What is required: Only the text should come through, so restate the listing exactly and drop its images.

:: Recorded data

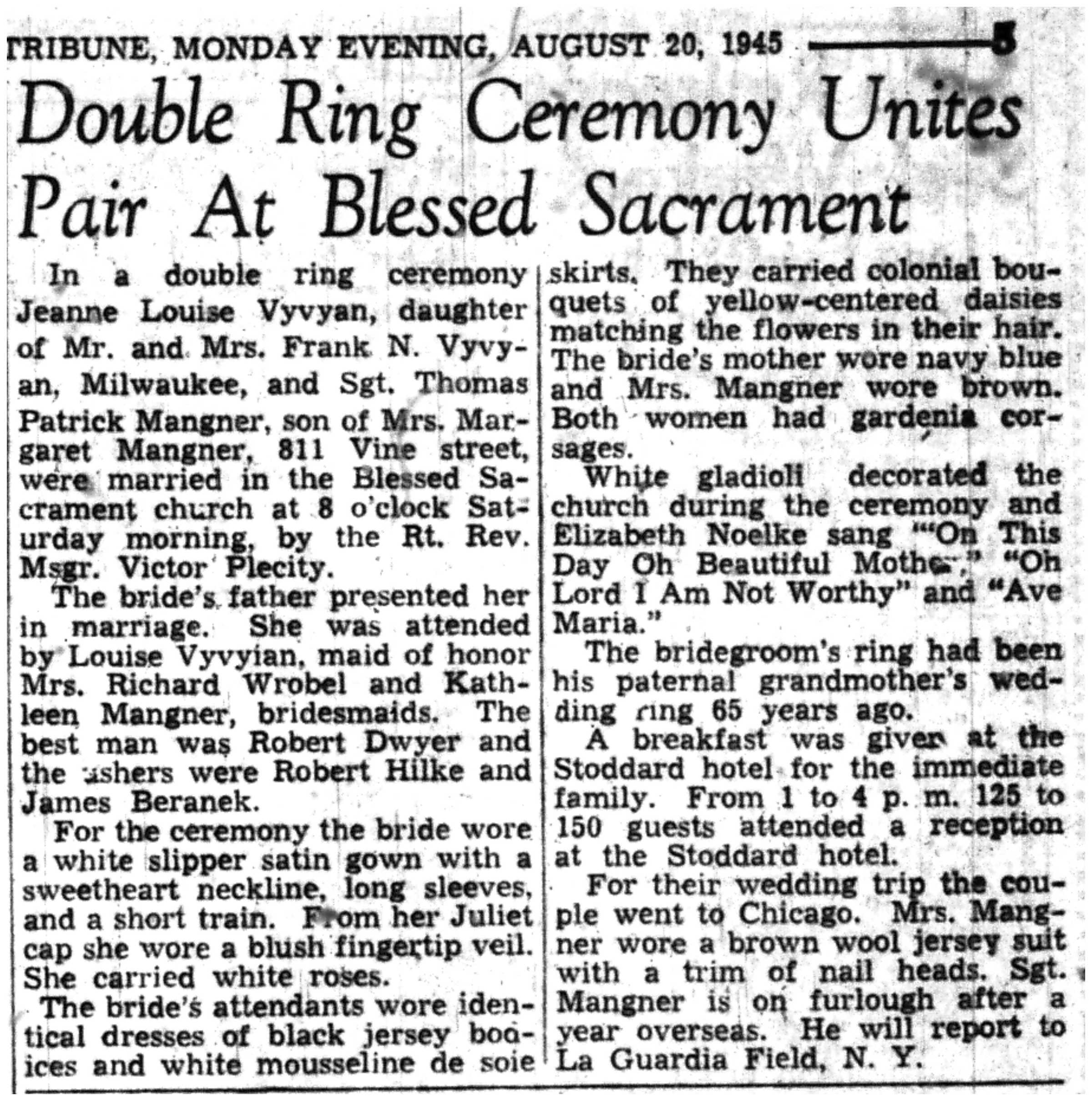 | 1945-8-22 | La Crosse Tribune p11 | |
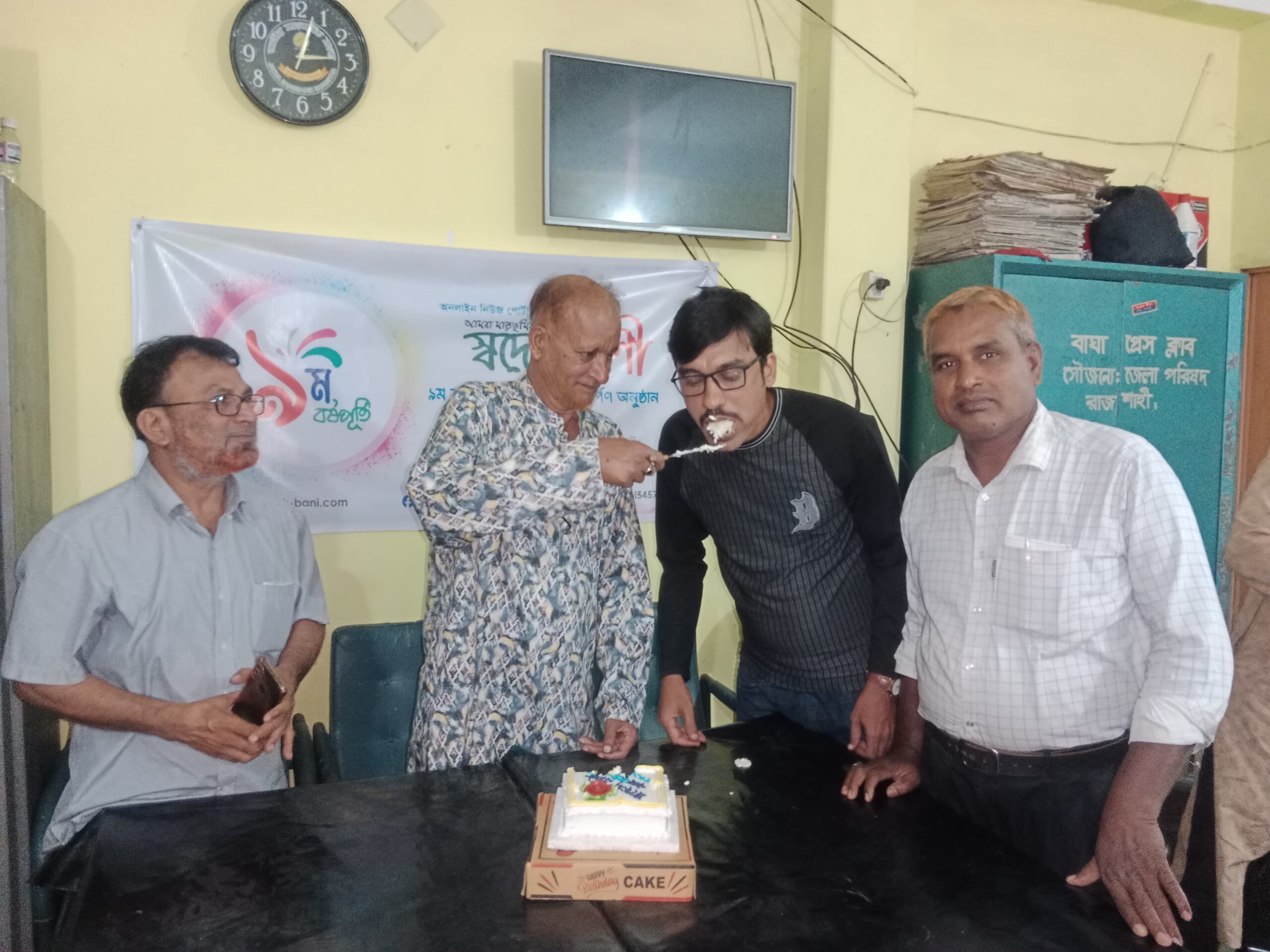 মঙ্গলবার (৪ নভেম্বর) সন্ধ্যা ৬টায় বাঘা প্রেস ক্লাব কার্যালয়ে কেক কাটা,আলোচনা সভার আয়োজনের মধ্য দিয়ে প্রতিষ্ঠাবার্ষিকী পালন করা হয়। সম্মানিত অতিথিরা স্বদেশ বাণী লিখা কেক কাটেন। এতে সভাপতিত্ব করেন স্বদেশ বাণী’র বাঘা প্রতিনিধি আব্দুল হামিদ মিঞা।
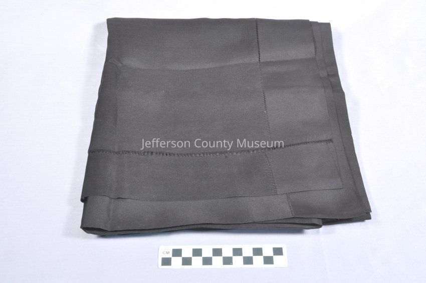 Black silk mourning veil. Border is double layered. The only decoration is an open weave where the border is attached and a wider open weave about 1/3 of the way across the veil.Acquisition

::::

Your response:
 | 1945-8-22 | La Crosse Tribune p11 | |
 মঙ্গলবার (৪ নভেম্বর) সন্ধ্যা ৬টায় বাঘা প্রেস ক্লাব কার্যালয়ে কেক কাটা,আলোচনা সভার আয়োজনের মধ্য দিয়ে প্রতিষ্ঠাবার্ষিকী পালন করা হয়। সম্মানিত অতিথিরা স্বদেশ বাণী লিখা কেক কাটেন। এতে সভাপতিত্ব করেন স্বদেশ বাণী’র বাঘা প্রতিনিধি আব্দুল হামিদ মিঞা।
 Black silk mourning veil. Border is double layered. The only decoration is an open weave where the border is attached and a wider open weave about 1/3 of the way across the veil.Acquisition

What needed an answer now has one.